* YOUR INSTRUCTIONS
Quote, word for word, only the lines running from the line with "Slightly used excellent" through the end of the listing. Leave out the pictures.
====
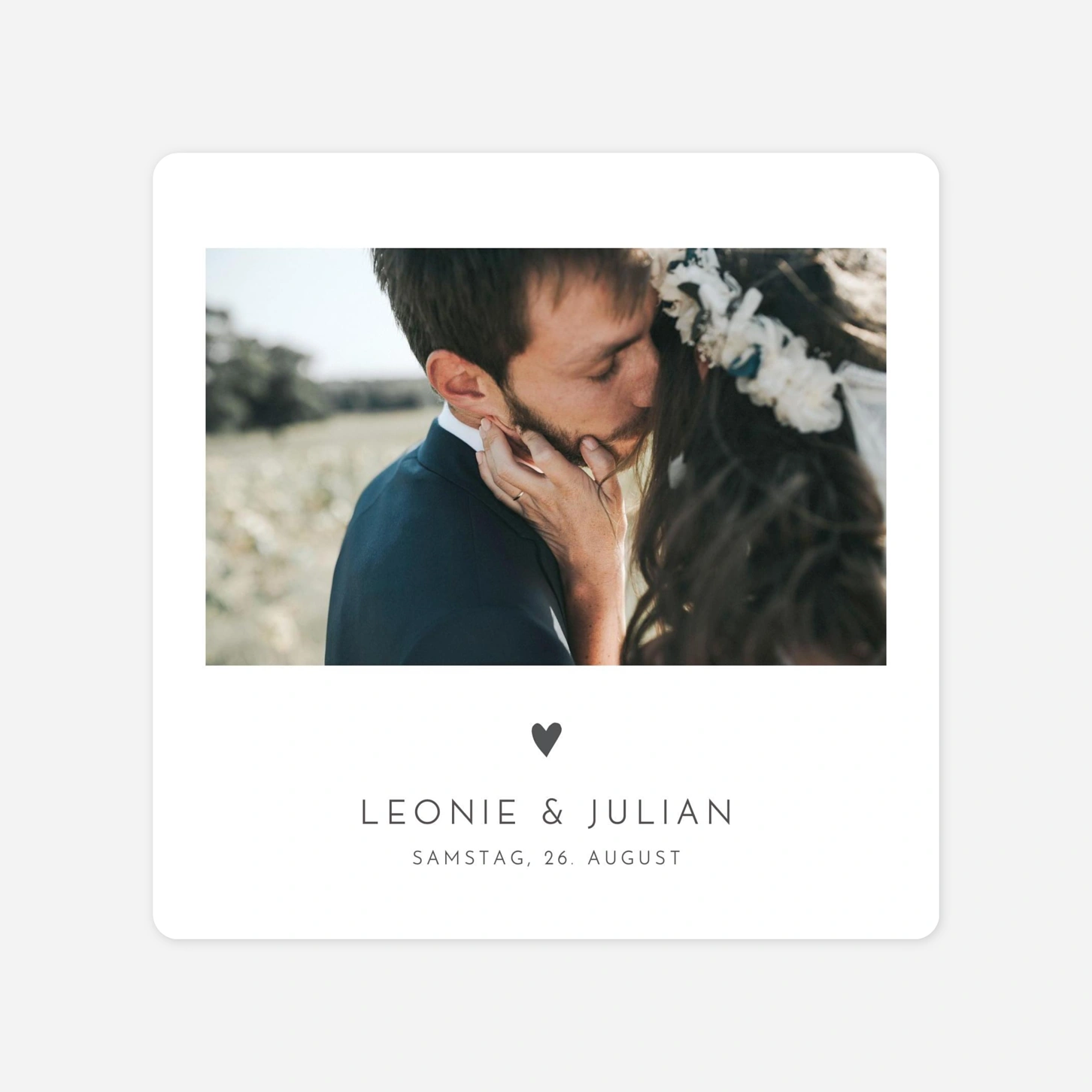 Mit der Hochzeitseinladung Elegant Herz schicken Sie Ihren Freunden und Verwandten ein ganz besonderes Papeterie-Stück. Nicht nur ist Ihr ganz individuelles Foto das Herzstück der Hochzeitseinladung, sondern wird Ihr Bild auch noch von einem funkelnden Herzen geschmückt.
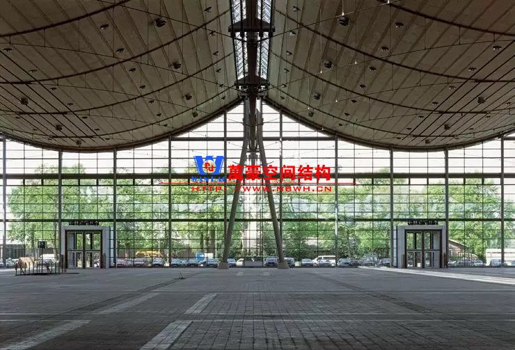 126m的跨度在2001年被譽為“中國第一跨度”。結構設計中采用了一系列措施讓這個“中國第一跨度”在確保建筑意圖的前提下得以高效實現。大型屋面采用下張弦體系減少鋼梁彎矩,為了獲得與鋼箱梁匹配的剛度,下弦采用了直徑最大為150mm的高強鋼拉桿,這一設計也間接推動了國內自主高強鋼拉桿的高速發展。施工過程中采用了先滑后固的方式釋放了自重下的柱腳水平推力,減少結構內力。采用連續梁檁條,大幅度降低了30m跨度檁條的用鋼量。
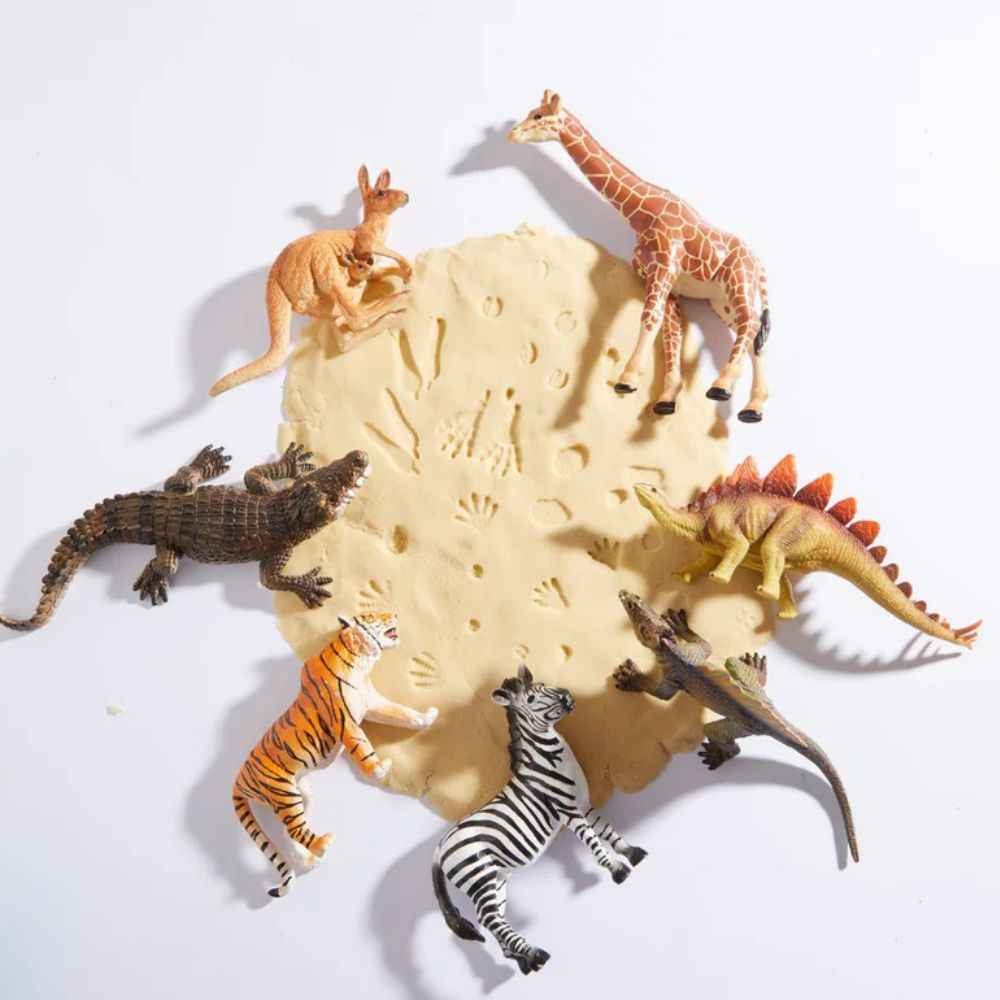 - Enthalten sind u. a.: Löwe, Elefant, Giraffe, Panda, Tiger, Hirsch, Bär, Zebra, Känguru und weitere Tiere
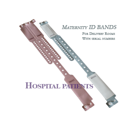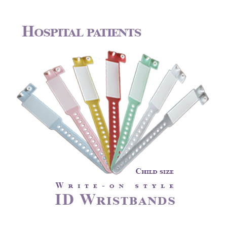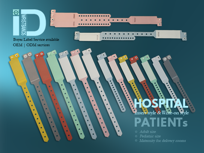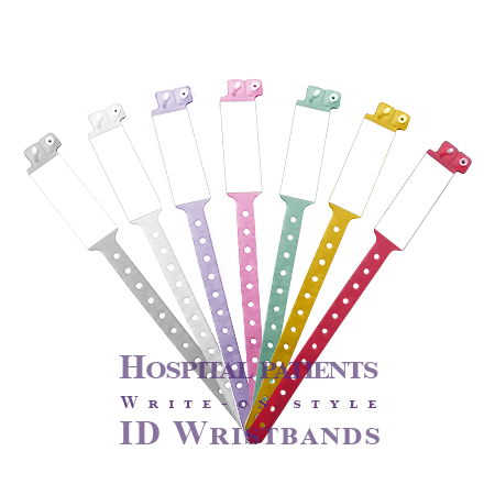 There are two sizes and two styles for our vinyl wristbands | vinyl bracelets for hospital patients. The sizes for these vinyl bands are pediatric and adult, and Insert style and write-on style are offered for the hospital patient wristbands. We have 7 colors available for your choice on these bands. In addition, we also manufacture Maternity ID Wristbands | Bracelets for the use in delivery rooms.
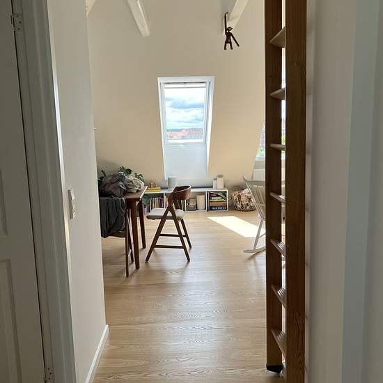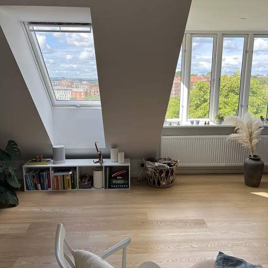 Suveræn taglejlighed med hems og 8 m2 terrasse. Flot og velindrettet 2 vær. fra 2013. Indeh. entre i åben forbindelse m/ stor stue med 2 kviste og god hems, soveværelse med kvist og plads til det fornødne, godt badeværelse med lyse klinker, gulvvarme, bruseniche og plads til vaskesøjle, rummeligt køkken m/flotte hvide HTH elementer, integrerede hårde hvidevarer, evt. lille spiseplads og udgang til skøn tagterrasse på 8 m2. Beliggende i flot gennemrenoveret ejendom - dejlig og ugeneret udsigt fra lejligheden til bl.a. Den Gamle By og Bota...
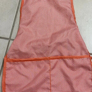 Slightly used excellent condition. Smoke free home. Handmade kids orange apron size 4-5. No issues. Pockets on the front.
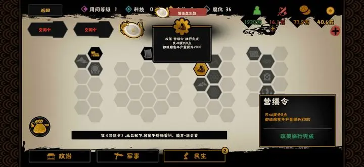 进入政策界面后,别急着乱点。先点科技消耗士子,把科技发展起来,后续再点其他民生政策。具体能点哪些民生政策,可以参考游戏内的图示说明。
====
* WRITTEN RESPONSE
 Slightly used excellent condition. Smoke free home. Handmade kids orange apron size 4-5. No issues. Pockets on the front.
 进入政策界面后,别急着乱点。先点科技消耗士子,把科技发展起来,后续再点其他民生政策。具体能点哪些民生政策,可以参考游戏内的图示说明。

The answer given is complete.